*WORK INSTRUCTION:* Every record below is to be restated verbatim, though its images are not.

*Dataset items:*
[Start of section]

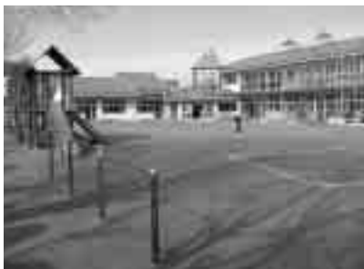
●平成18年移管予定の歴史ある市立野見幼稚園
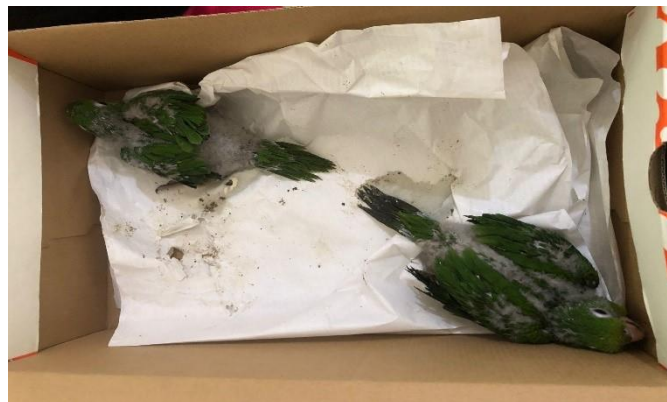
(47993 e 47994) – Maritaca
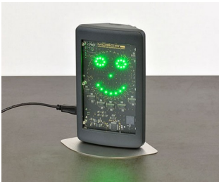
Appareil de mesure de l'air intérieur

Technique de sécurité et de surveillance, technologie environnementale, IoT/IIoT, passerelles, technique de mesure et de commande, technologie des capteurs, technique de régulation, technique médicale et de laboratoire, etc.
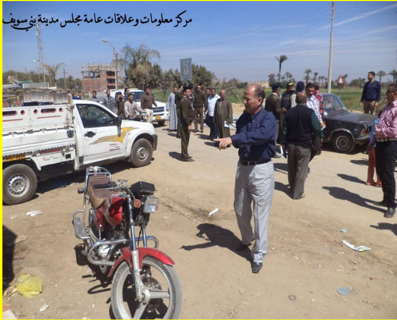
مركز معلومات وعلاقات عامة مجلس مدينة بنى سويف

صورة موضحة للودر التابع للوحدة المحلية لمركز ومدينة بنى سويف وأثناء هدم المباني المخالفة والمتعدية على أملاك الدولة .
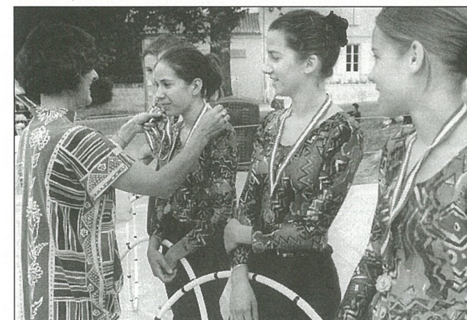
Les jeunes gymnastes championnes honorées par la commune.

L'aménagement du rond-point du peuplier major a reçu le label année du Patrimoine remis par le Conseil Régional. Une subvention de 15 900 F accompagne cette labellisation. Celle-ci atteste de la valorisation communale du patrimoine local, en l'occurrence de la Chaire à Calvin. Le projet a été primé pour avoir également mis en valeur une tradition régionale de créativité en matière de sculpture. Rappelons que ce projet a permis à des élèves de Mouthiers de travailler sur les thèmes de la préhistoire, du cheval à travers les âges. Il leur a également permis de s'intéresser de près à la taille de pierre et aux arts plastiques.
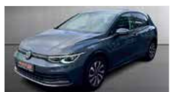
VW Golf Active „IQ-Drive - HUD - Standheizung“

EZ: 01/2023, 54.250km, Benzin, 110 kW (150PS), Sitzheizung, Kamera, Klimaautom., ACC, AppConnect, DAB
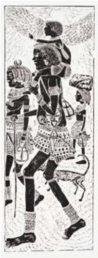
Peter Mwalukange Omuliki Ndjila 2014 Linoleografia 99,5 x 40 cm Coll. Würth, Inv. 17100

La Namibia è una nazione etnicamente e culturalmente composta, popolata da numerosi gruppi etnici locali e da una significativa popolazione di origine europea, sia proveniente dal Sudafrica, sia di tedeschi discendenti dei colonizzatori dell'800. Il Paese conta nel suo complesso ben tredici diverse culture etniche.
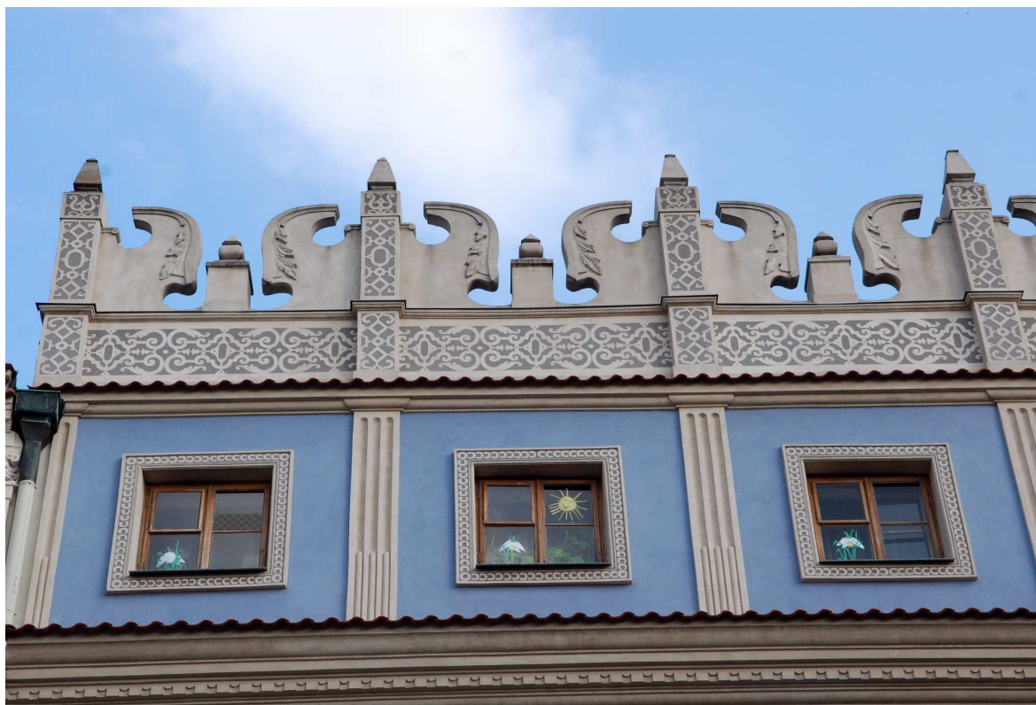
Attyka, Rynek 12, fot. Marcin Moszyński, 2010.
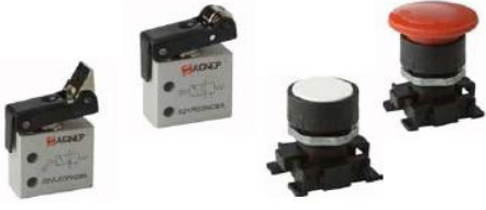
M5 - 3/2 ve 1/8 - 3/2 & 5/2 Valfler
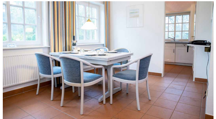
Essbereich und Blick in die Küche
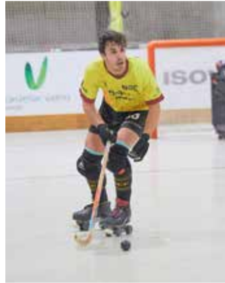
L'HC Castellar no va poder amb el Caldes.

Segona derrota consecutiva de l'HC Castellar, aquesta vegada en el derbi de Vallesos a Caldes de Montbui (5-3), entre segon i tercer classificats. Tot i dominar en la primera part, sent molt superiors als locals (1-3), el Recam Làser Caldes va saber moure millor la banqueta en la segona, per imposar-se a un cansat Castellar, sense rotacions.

[End of section]

*SOLUTION:*
●平成18年移管予定の歴史ある市立野見幼稚園
(47993 e 47994) – Maritaca
Appareil de mesure de l'air intérieur

Technique de sécurité et de surveillance, technologie environnementale, IoT/IIoT, passerelles, technique de mesure et de commande, technologie des capteurs, technique de régulation, technique médicale et de laboratoire, etc.
مركز معلومات وعلاقات عامة مجلس مدينة بنى سويف

صورة موضحة للودر التابع للوحدة المحلية لمركز ومدينة بنى سويف وأثناء هدم المباني المخالفة والمتعدية على أملاك الدولة .
Les jeunes gymnastes championnes honorées par la commune.

L'aménagement du rond-point du peuplier major a reçu le label année du Patrimoine remis par le Conseil Régional. Une subvention de 15 900 F accompagne cette labellisation. Celle-ci atteste de la valorisation communale du patrimoine local, en l'occurrence de la Chaire à Calvin. Le projet a été primé pour avoir également mis en valeur une tradition régionale de créativité en matière de sculpture. Rappelons que ce projet a permis à des élèves de Mouthiers de travailler sur les thèmes de la préhistoire, du cheval à travers les âges. Il leur a également permis de s'intéresser de près à la taille de pierre et aux arts plastiques.
VW Golf Active „IQ-Drive - HUD - Standheizung“

EZ: 01/2023, 54.250km, Benzin, 110 kW (150PS), Sitzheizung, Kamera, Klimaautom., ACC, AppConnect, DAB
Peter Mwalukange Omuliki Ndjila 2014 Linoleografia 99,5 x 40 cm Coll. Würth, Inv. 17100

La Namibia è una nazione etnicamente e culturalmente composta, popolata da numerosi gruppi etnici locali e da una significativa popolazione di origine europea, sia proveniente dal Sudafrica, sia di tedeschi discendenti dei colonizzatori dell'800. Il Paese conta nel suo complesso ben tredici diverse culture etniche.
Attyka, Rynek 12, fot. Marcin Moszyński, 2010.
M5 - 3/2 ve 1/8 - 3/2 & 5/2 Valfler
Essbereich und Blick in die Küche
L'HC Castellar no va poder amb el Caldes.

Segona derrota consecutiva de l'HC Castellar, aquesta vegada en el derbi de Vallesos a Caldes de Montbui (5-3), entre segon i tercer classificats. Tot i dominar en la primera part, sent molt superiors als locals (1-3), el Recam Làser Caldes va saber moure millor la banqueta en la segona, per imposar-se a un cansat Castellar, sense rotacions.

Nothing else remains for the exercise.